Le capable n’est pas le virtuel non plus. — L’intérêt avec la capacité, c’est qu’elle n’a pas recours au virtuel mais aux potentiels effectifs. De toute évidence les gens capables ne sont pas virtuels. Il est inutile de chercher des signes de ce qui est invisible ou inobservable. On est, en situation, capable ou non de fournir l’effort nécessaire. L’éternel retour sélectionne ce qui s’affirme. Il s’agit de savoir comment nous pouvons développer une capacité alors qu’aucune vérité ne nous porte ni ne nous transit. Plus simplement des signes vous appellent, vous indiquent comment retourner une situation en votre faveur. Etre capable ou plutôt le devenir et filer droit vers les signes. Le capable biaise alors la réciprocité du possible et du réel, sans même recourir au virtuel comme une chose en soi. Là est sa force et son autonomie par rapport à tout Dieu.

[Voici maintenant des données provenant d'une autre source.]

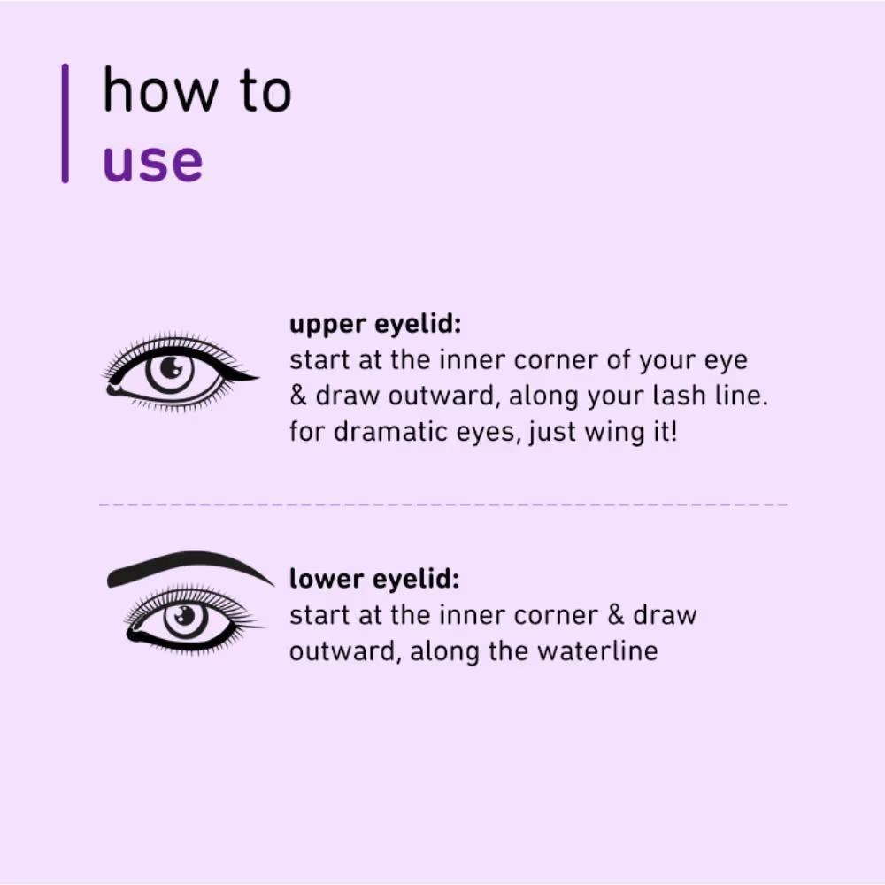 - Start at the inner corner of your eye and draw outward, along your lash line.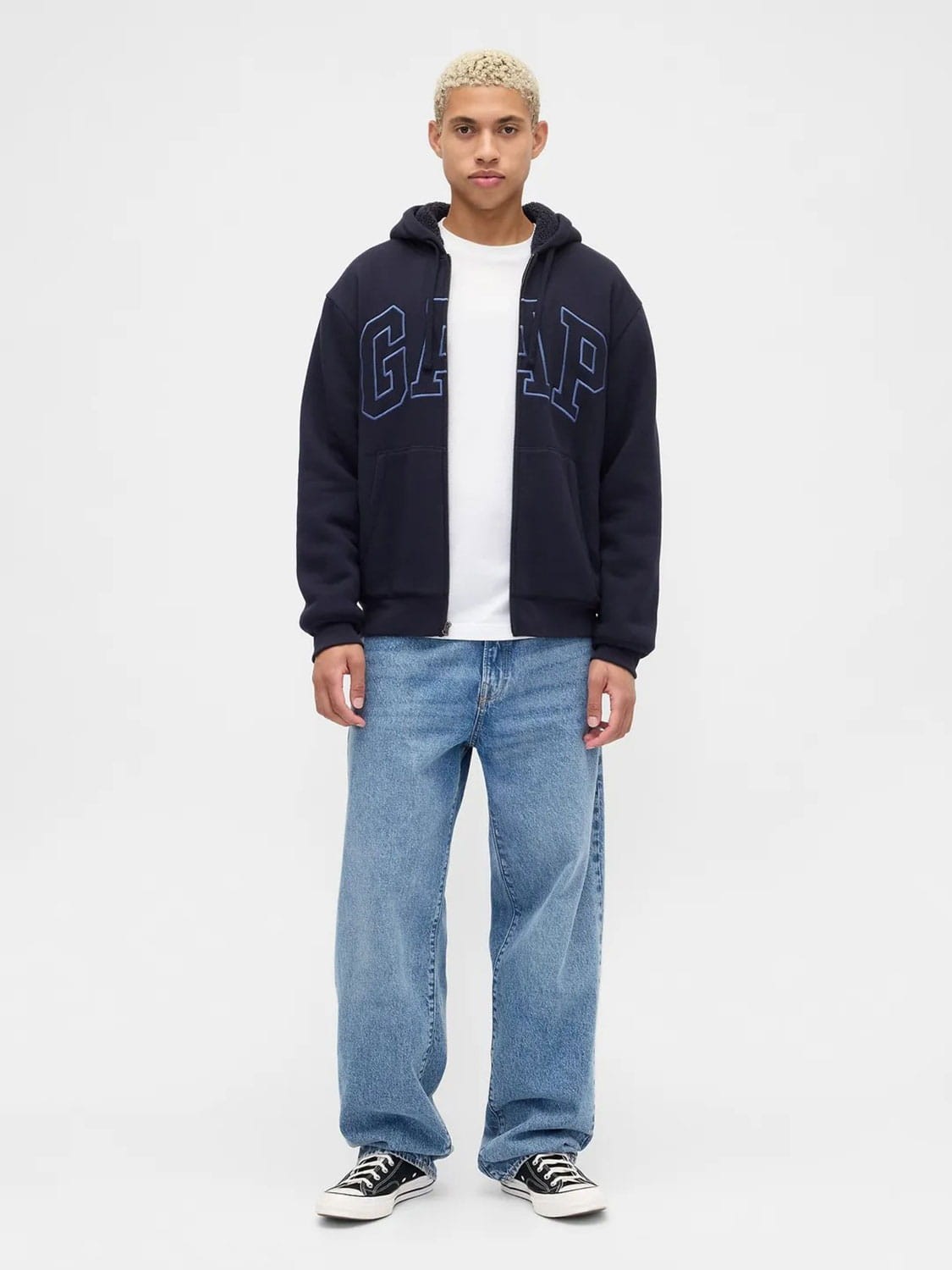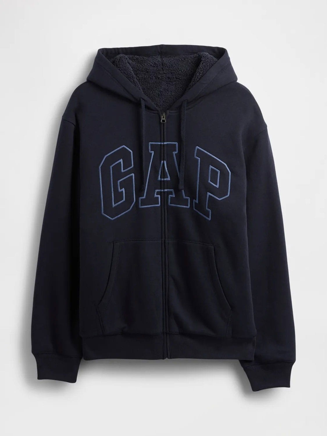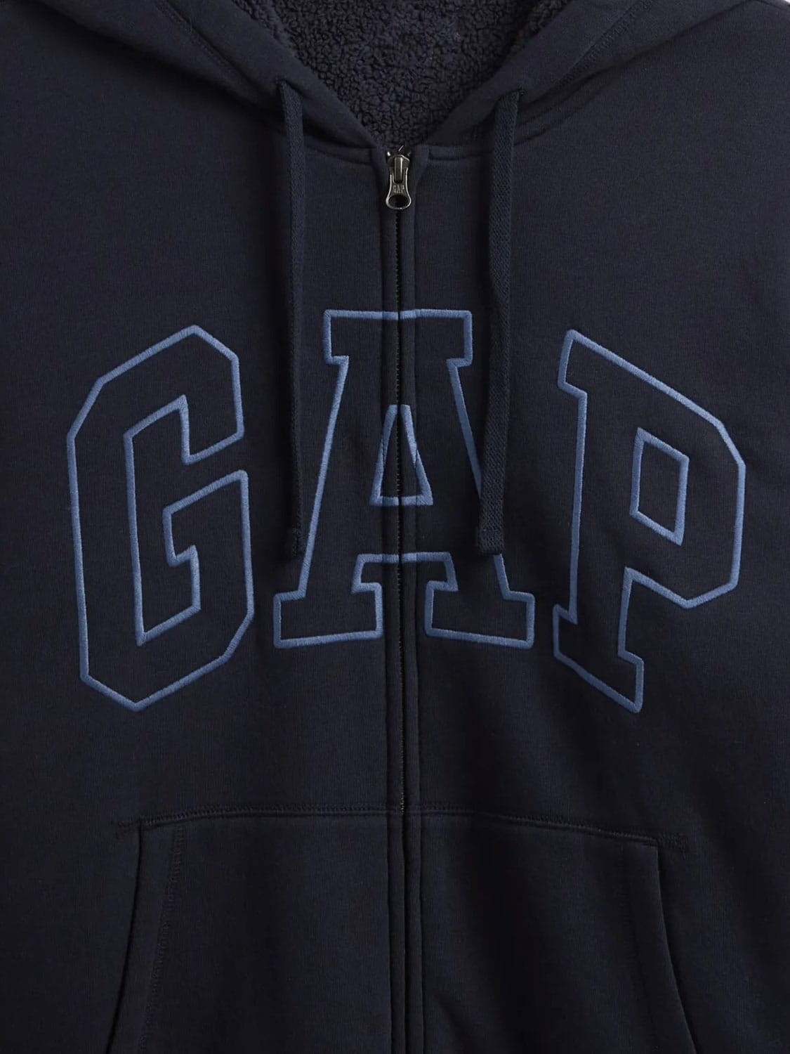 Wnętrze bluzy, włącznie z kapturem, jest w całości wykończone podszewką z sherpy, co gwarantuje maksymalne ciepło. Bluza posiada kaptur ze sznurkami do regulacji, praktyczne zapięcie na suwak, opadające ramiona oraz długie rękawy z prążkowanymi mankietami. Dwie kieszenie z przodu i duże, naszywane logo Gap na piersi dopełniają jej klasyczny wygląd. Prosty, luźniejszy krój sprawia, że jest idealna do noszenia warstwowego lub jako samodzielna odzież wierzchnia.

Nous ne désignons plus alors le même réel, ce qui ne se laisse pas voir, au sens profond de Nietzsche, c’est l’autonomie, c’est la liberté. Tout cela tient de l’invisible, de l’inexpérimentable pour qui refuse de s’immerger dans la réalité. L’invisible est l’expérience que fait celui qui reste prisonnier des textes et des institutions. L’invisible est un fantasme que rend inutile la capacité. C’est parfois l’« être » nous dit-on, parfois le « néant ». Nous sortons de l’intelligible qui ramène tout à du statique et surgissent alors un entendement réformé, une nouvelle appréhension de la réalité qui s’appuie sur des affects actifs et non sur des affections, non sur des liens comme on en vit au quotidien. On s’appuie alors sur une sensibilité pascalienne propre à résoudre tous les problèmes et à donner des solutions créatrices : Pascal a inventé la machine à calculer et a mis en place le premier transport hippomobile en commun (carrosse à cinq sols). Précisons bien pour comprendre Spinoza que les affects ou les signes ne sont pas des affections. Les affections portent sur d’autres affections, les affects influent sur la capacité elle-même, ils éveillent ou éteignent, si on ne sait pas les aborder, l’aptitude à résoudre des problèmes. À savoir s’orienter dans les signes, on se met dans de meilleures conditions. D’où l’intérêt pour les affects porteurs d’intensité et avec, à la clé, ce qui doit être affirmé : l’éternité, le fait d’avoir atteint une capacité inouïe qui rend apte à esquiver tous les problèmes, ces embûches qui nous viennent dans les pieds. Les problèmes sont des croche-pieds non des casse-tête.

 

Comme il y a au moins trois régimes d’éternité, il y a trois capacités qu’il faut travailler dans l’effort. La grandeur d’une civilisation s’y joue mais c’est aussi ce qui la rend plus proche de sa disparition. La capacité hétéronome est soucieuse, elle ne pense qu’à accumuler profit ou reconnaissance, en prévision de cet ailleurs. Son pendant est la résignation des humbles et des modestes. La capacité homonome reconnaît des absolus, des invisibles inaccessibles, elle parle d’infini pour nous suggérer combien, « ici-bas », nous sommes finis. La capacité autonome est porteuse de « fini illimité », de situations sans cesse renversées et subverties. Chaque capacité a sa tonalité, sa sensibilité ou son mode de reconnaissance. Ce que l’on peut répéter c’est qu’il y autant de capacités que de régimes de pensée ou d’actions mais ce qui importe  727-729, dans chacune direction, quelle que soit la capacité (hétéronome – homonome – autonome) c’est de mettre en œuvre tout ce que peut une volonté de puissance ou capacité d’énergie car comme dit Nietzsche qu’elle soit de succession, convaincue d’immortalité ou au présent, il y va de l’éternité !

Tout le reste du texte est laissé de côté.